MATERIAL PROVIDED:
────────────────
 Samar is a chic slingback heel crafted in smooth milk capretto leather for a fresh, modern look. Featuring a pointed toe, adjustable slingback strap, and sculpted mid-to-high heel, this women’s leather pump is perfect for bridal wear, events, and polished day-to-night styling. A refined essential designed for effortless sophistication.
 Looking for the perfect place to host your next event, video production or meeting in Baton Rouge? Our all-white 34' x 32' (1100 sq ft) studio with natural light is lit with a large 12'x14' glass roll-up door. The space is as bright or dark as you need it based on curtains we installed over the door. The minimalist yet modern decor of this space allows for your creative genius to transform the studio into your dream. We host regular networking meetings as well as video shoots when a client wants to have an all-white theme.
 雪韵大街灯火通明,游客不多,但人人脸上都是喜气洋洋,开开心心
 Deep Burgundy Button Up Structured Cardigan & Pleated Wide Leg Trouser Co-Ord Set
────────────────
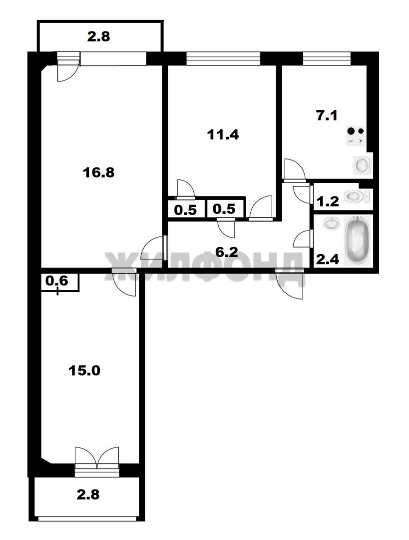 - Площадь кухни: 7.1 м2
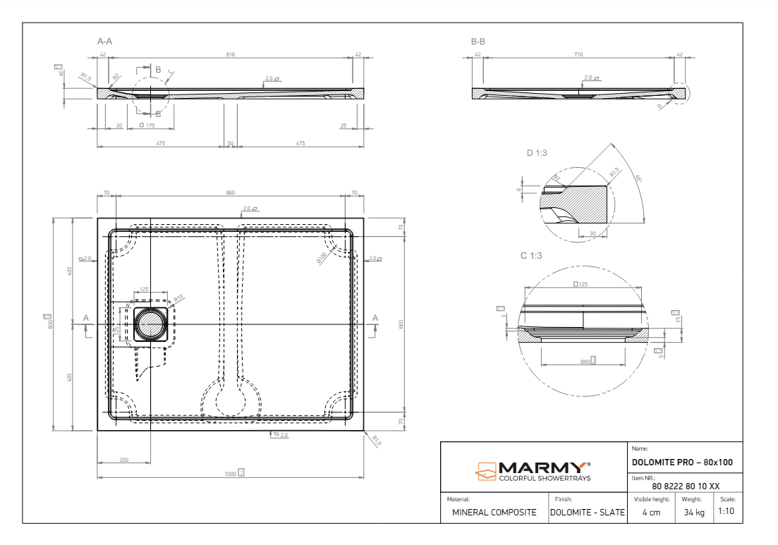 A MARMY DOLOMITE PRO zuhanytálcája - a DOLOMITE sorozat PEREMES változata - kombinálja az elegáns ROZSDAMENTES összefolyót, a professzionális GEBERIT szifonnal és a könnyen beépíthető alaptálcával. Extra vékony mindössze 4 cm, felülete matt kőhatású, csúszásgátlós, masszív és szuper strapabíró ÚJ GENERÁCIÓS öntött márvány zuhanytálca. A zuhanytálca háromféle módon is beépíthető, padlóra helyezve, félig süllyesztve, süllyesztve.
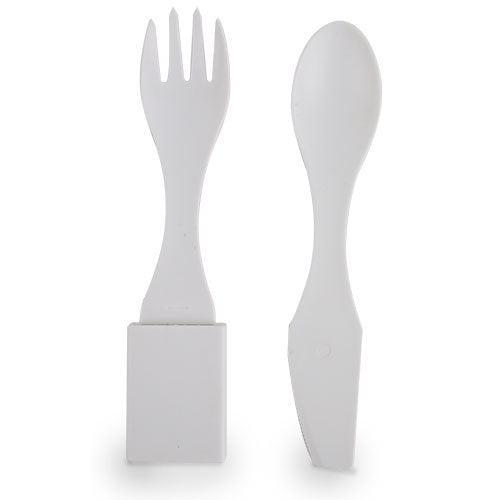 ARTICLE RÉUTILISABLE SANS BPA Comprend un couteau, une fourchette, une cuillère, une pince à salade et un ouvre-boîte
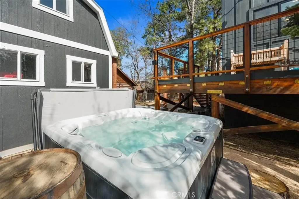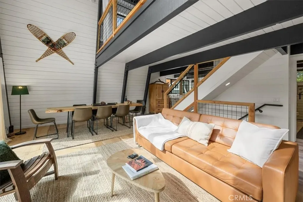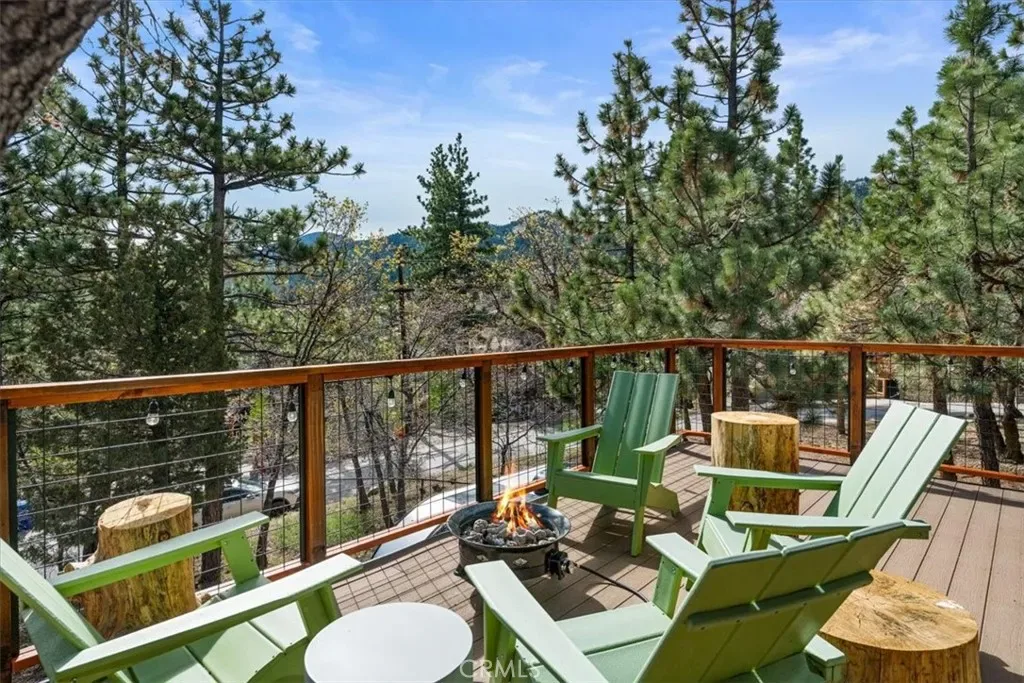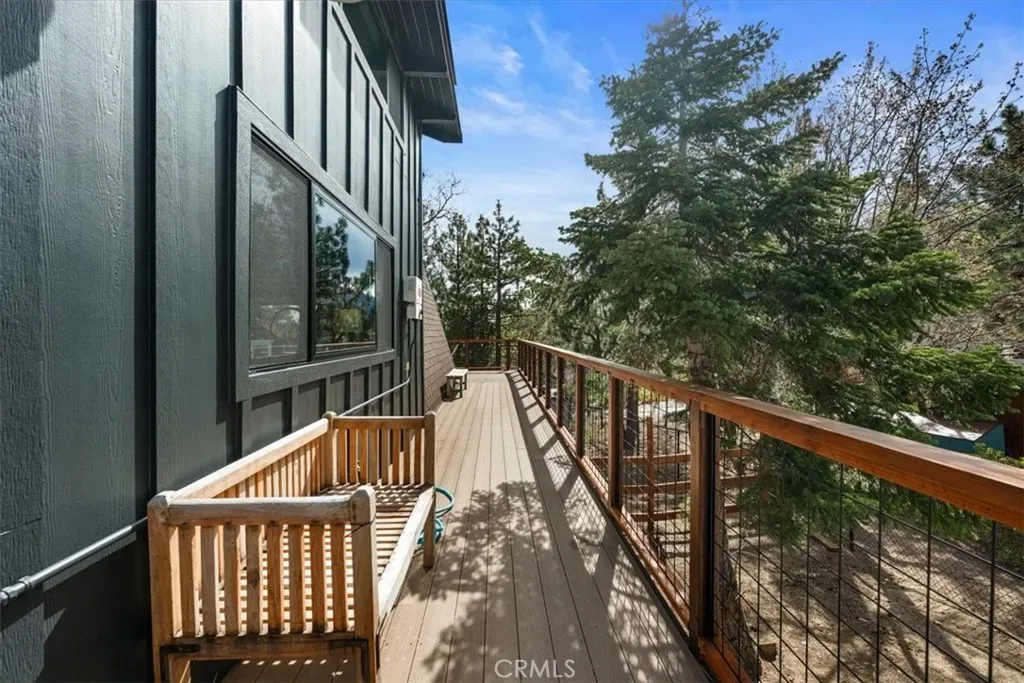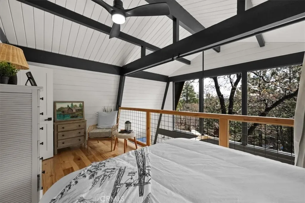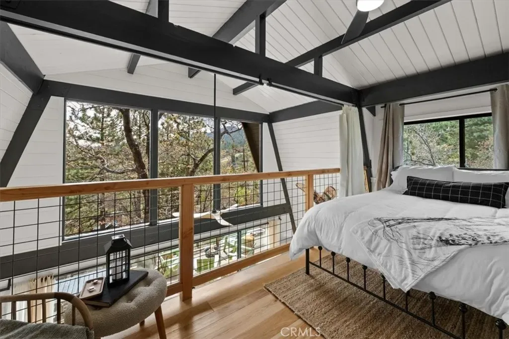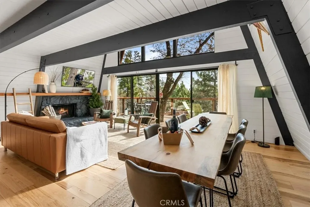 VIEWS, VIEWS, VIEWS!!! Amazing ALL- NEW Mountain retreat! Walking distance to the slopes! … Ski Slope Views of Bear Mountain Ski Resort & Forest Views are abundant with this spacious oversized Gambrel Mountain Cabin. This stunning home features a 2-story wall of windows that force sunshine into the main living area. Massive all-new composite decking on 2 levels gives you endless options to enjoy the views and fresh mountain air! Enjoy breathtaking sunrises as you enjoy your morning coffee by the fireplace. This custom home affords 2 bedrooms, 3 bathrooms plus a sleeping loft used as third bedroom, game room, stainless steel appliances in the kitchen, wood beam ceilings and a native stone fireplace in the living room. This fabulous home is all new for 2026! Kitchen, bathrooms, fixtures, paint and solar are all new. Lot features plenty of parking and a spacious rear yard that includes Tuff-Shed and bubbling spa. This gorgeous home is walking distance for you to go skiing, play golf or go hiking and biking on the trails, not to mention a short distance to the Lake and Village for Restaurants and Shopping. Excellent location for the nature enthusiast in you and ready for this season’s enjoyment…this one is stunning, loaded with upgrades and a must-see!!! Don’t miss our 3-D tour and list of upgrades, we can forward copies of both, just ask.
────────────────
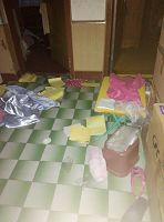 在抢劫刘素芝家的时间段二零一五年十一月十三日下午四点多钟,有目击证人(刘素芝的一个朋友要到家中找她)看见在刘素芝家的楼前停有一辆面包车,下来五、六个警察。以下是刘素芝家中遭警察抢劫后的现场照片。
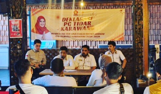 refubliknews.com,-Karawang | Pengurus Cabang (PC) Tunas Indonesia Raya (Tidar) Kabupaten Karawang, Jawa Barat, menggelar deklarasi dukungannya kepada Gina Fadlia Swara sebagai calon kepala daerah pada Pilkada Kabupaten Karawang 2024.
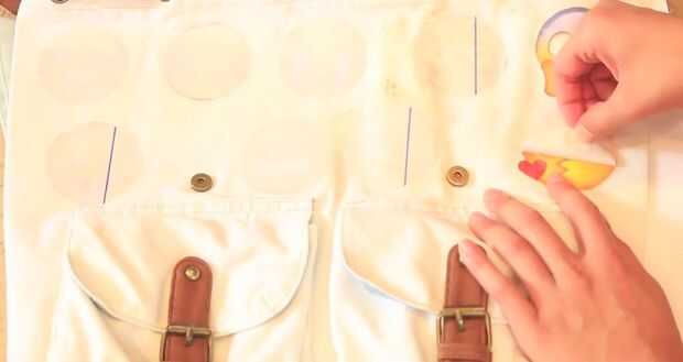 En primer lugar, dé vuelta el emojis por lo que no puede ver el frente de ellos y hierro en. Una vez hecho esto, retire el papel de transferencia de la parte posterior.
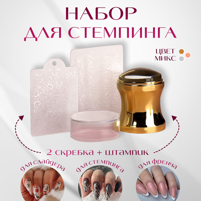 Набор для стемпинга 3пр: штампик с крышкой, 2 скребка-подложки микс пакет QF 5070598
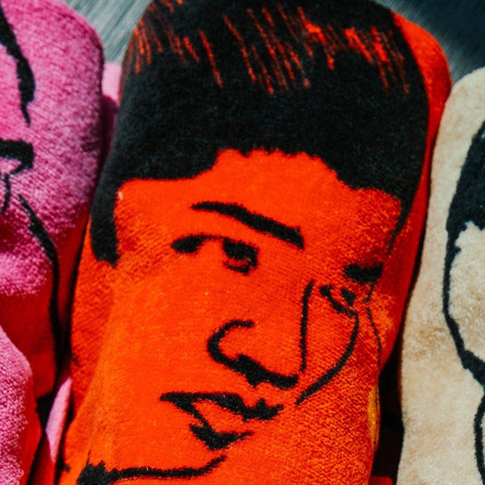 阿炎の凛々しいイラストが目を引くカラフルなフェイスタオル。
────────────────
WHAT IS EXPECTED: With the first line being the one containing "Looking for the" and the last line the one containing "Deep Burgundy Button", transcribe exactly the lines above that fall in that range.

PROBLEM SOLUTION:
 Looking for the perfect place to host your next event, video production or meeting in Baton Rouge? Our all-white 34' x 32' (1100 sq ft) studio with natural light is lit with a large 12'x14' glass roll-up door. The space is as bright or dark as you need it based on curtains we installed over the door. The minimalist yet modern decor of this space allows for your creative genius to transform the studio into your dream. We host regular networking meetings as well as video shoots when a client wants to have an all-white theme.
 雪韵大街灯火通明,游客不多,但人人脸上都是喜气洋洋,开开心心
 Deep Burgundy Button Up Structured Cardigan & Pleated Wide Leg Trouser Co-Ord Set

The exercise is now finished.